A metaphor of transcendence to pedestrians with dead-as-doornail batteries, symbols of freedom, but really they're just getting the hell out of Dodge with winter nipping their tail feathers. They're locked into this annual circuit that forces them south, then seduces them north again each March. They aren't free, like we are, to say, "I think I'll winter here this year."
According to the birders who track such phenomena, I only saw a portion of the Tuesday's flyover. Dale Bowman, an outdoors columnist who writes a blog for the Sun-Times, quoted a reader from the Southeast Side, who wrote, "A skein of 75 Sandhills flew over a few minutes after 9 this morning. They were very high up, in a brittle blue sky, heading south by southeast."
"That's it," replied Bowman, "fall's over."
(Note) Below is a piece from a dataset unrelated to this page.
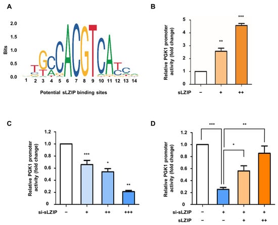 sLZIP functions as a transcriptional regulator of PGK1 in prostate cancer. (A) JASPAR enrichment analysis of potential sLZIP binding sites. (B) PC3 cells were transfected with the human PGK1 promoter, the Renilla-encoded vector, and increasing GFP-sLZIP expression plasmids (0, 0.25, and 0.5 μg). Promoter activity was measured after 24 h of transfection. (C) PC3 cells were transfected with the human PGK1 promoter, the Renilla-encoded vector, and increasing concentration of si-sLZIP (0, 20, 40, and 80 μM). Promoter activity was measured after 24 h of transfection. (D) PC3 cells were transfected with the human PGK1 promoter, the Renilla-encoded vector, si-sLZIP (80 μM), and increasing GFP-sLZIP expression plasmids (0, 0.25, and 0.5 μg). Promoter activity was measured after 24 h of transfection. All p-values were obtained using unpaired two-tailed Student’s t-test. * p < 0.05, ** p < 0.01, *** p < 0.001. Error bars: Mean ± SEM of three experiments.

According to the Prairie State Outdoors website (prairiestateoutdoors.com), birders reported 12,413 cranes passing over Greene Valley Forest Preserve on Nov. 17, 2008 and 14,000 on Nov. 19, 2006. That's a lot of counting, but there are worse ways to spend a day.
I probably wouldn't have seen any of it if my battery hadn't died. A benevolent fluke and a vivid reminder that it's not such a small world after all. A lot happens right under our noses and way, way over our heads. We're just one small part of the action.
I can't wait till the first week of March. By then my car should be acting up again.